Mozilla has merged initial Vulkan Video decoding support for Firefox, work Phoronix reported was led by NVIDIA engineer Tymur Boiko and Red Hat's Martin Stransky, putting a new GPU-accelerated video path on track for Firefox 153 in July.
The important word is "initial." Phoronix says Firefox 153.0 is expected on July 21, 2026, assuming no last-minute issues. The report does not establish which codecs, GPUs, drivers, distributions, or operating systems will be covered at launch, or whether Vulkan Video decoding will be enabled by default. What Mozilla has landed is a second route around a Linux video stack that has never been uniform.

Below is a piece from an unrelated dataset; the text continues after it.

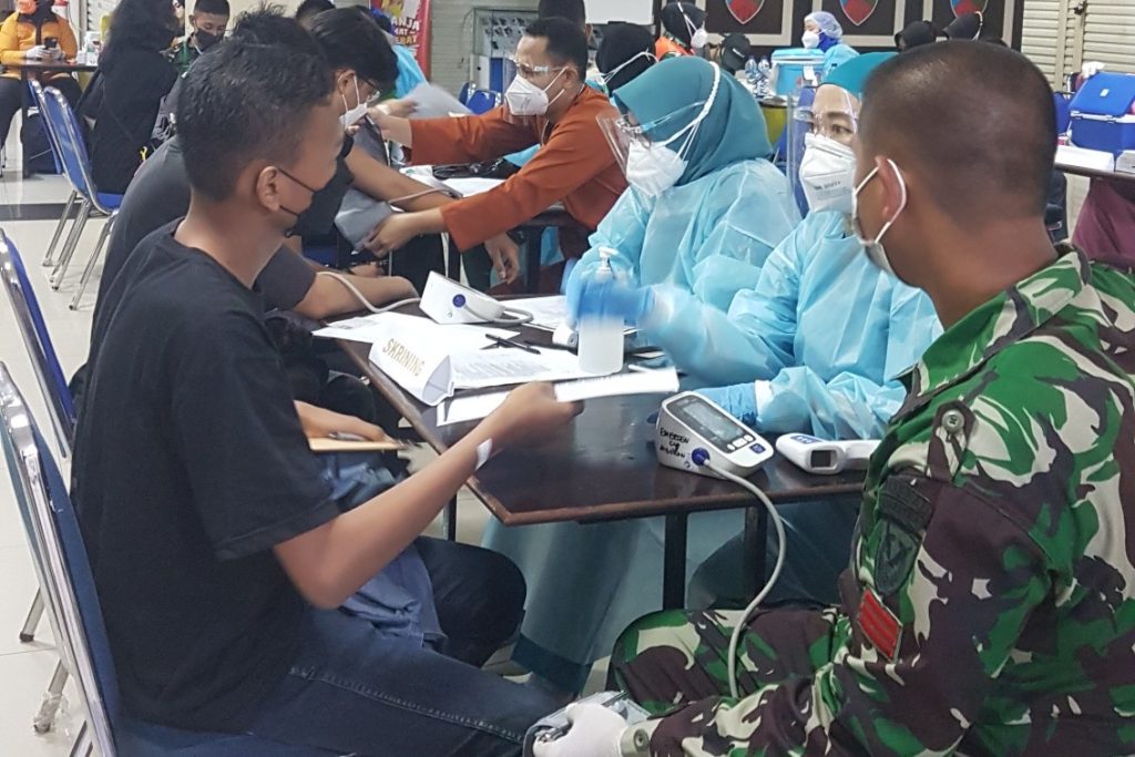 Sebelumnya kegiatan ini telah di lakukan di Lanud Halim Perdanakusuma kemudian kami di tugaskan untuk megadakan sentra vaksin di wilayah sekitar Halim yabg sebelumya telah di lakukan juga sentra vaksin di Wisma Haji Pondok Gede. Saat ini Prioritas warga Bekasi meskipun ada juga warga DKI Jakarta yang tinggal di Halim bisa juga ikut bergabung, namun untuk hari ini kami ditugaskan mengvaksinasi khusus warga Bekasi saja.

The work attacks a Linux-specific bottleneck
Firefox on Linux has long centered hardware video decoding around VA-API, the Video Acceleration API. That has worked unevenly because Linux graphics drivers do not all expose the same acceleration interfaces. Phoronix specifically points to NVIDIA users, who have relied on projects such as NVIDIA-VAAPI-Driver to map Firefox's VA-API path onto NVIDIA's NVDEC interfaces.
That translation layer is the tell. When a browser needs an adapter project to reach a major GPU vendor's video engine, the abstraction is not doing the whole job. Phoronix also notes that smaller Arm and embedded graphics drivers have been largely outside the VA-API path, which matters as Linux keeps expanding beyond traditional desktop PCs into handhelds, low-power devices and bespoke hardware.
Vulkan Video gives Firefox another decode target in a graphics API already designed to span vendors and platforms. That does not make VA-API obsolete inside Firefox, and the source material does not say Mozilla is replacing it. It does show Mozilla accepting that one Linux acceleration path has left too many edge cases for too long.
The maintainers, not the marketing team, moved this
This is not a feature announcement packaged for consumers. The trail runs through Mozilla's public development machinery: Phoronix says a Bugzilla report opened about three months earlier over Firefox's lack of Vulkan Video support has been closed, and points to recent Firefox Git activity that culminated during the week ending June 7, 2026.
The named contributors are the useful signal. Boiko works at NVIDIA, the vendor whose Linux users have had one of the more awkward Firefox acceleration stories. Stransky works at Red Hat, whose engineers have long been part of the Linux desktop plumbing around Firefox, graphics and system integration. Mozilla benefits from the patch, but the incentives are broader: NVIDIA wants its hardware video engines reached through modern Linux software paths, and Red Hat wants the open desktop stack to depend on fewer vendor-specific workarounds.
That is how browser infrastructure often moves. A user-visible improvement begins as maintenance work across a bug tracker, a graphics API, a driver stack and a release train. By the time it reaches stable Firefox, the most important decision has already been made: which platform abstraction Mozilla is willing to support in the browser core.
Firefox 153 is the real test
The July 21 target matters because it puts the work on a near-term stable release path, not just an experimental branch. But the source material leaves the operational questions unanswered. There is no confirmed support matrix for codecs. There is no stated minimum Vulkan driver version. There is no confirmed default setting. There is no performance claim to compare against VA-API or software decoding.
Those omissions are not minor. Hardware video decoding is only valuable when it reliably reduces CPU load, battery drain and thermals on real machines. A code path that works on one vendor's current drivers can still disappoint users if distributions ship older stacks, if codec support is narrow, or if the feature remains behind a preference.
Still, the direction is clear. Mozilla is adding Vulkan Video because the old Linux answer was incomplete. Firefox 153 will show whether the first implementation is a narrow foothold or the start of a more portable hardware decode layer for the browser.